DATA PROVIDED:
┌──

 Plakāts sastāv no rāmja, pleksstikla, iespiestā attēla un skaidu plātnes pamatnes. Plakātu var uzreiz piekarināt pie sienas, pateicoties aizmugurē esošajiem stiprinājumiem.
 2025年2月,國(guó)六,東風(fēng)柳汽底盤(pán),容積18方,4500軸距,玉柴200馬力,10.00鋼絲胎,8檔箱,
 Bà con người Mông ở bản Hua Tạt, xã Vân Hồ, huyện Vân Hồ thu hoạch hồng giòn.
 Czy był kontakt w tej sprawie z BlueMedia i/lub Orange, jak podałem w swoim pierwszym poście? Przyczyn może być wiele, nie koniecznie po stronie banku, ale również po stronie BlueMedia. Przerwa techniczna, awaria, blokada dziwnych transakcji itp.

└──
┌──

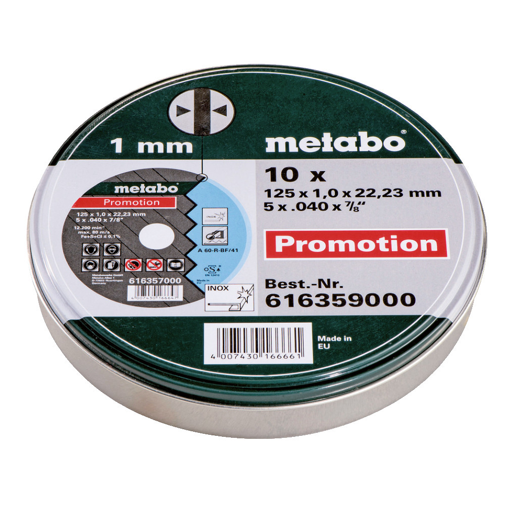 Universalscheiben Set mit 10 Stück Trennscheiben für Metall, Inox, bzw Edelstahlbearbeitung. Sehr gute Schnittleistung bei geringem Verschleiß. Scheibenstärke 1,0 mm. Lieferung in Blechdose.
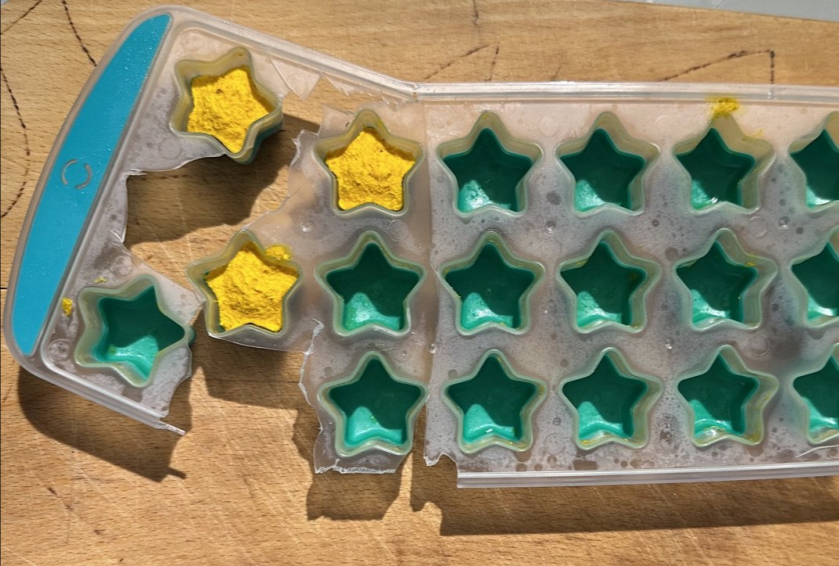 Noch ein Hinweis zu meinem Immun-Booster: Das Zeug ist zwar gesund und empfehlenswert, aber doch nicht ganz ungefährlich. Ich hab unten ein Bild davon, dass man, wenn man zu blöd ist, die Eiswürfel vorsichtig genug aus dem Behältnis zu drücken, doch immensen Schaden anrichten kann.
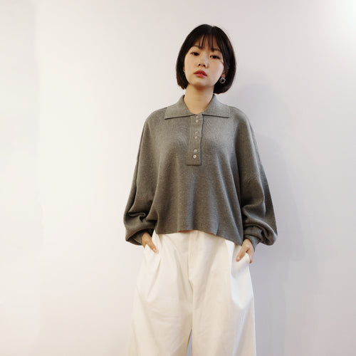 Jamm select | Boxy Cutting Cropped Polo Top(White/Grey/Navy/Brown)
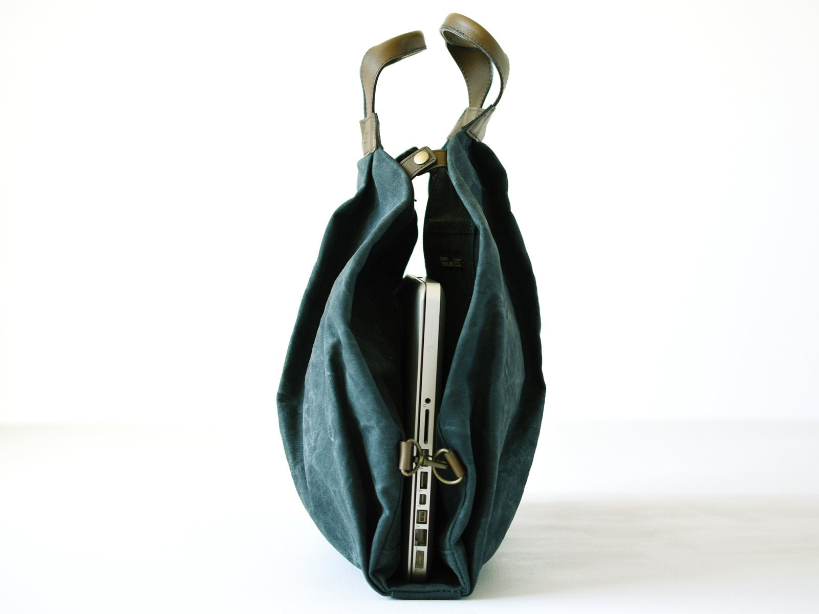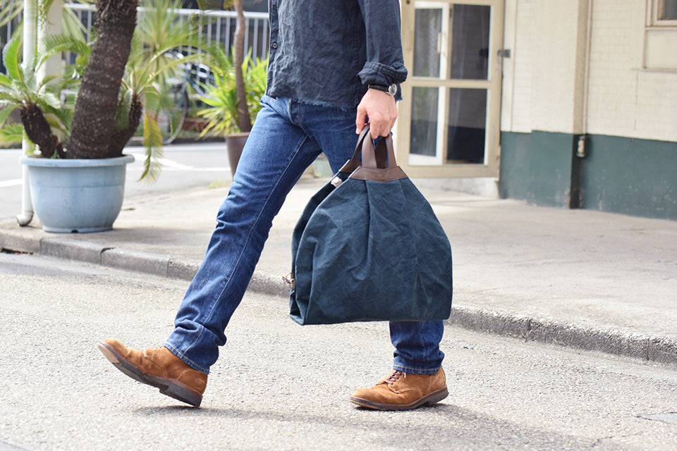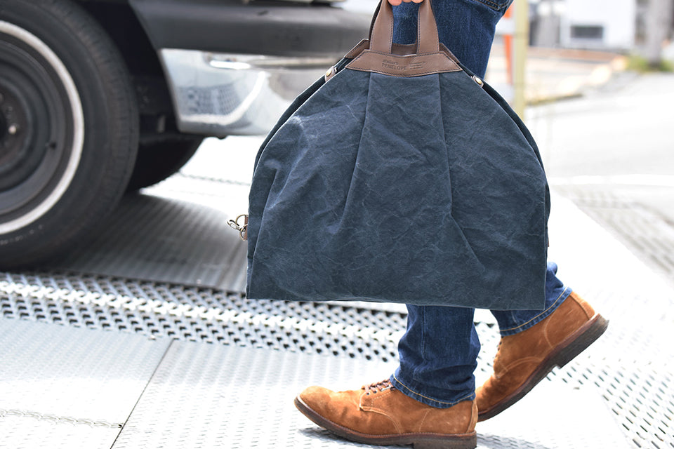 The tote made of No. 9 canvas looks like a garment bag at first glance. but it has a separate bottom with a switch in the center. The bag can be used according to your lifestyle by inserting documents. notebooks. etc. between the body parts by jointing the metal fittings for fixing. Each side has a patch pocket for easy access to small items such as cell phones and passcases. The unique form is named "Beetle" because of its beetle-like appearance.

└──
┌──

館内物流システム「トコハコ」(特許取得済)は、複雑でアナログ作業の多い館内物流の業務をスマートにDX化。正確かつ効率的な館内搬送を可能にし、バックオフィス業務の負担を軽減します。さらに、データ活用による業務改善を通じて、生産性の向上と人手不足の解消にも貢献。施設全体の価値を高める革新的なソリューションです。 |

└──

TASK DIRECTIONS:
Please reproduce the lines from the line with "Plakāts sastāv no" to the line with "Czy był kontakt", both ends included, exactly as they appear above.

TASK SOLUTION:
 Plakāts sastāv no rāmja, pleksstikla, iespiestā attēla un skaidu plātnes pamatnes. Plakātu var uzreiz piekarināt pie sienas, pateicoties aizmugurē esošajiem stiprinājumiem.
 2025年2月,國(guó)六,東風(fēng)柳汽底盤(pán),容積18方,4500軸距,玉柴200馬力,10.00鋼絲胎,8檔箱,
 Bà con người Mông ở bản Hua Tạt, xã Vân Hồ, huyện Vân Hồ thu hoạch hồng giòn.
 Czy był kontakt w tej sprawie z BlueMedia i/lub Orange, jak podałem w swoim pierwszym poście? Przyczyn może być wiele, nie koniecznie po stronie banku, ale również po stronie BlueMedia. Przerwa techniczna, awaria, blokada dziwnych transakcji itp.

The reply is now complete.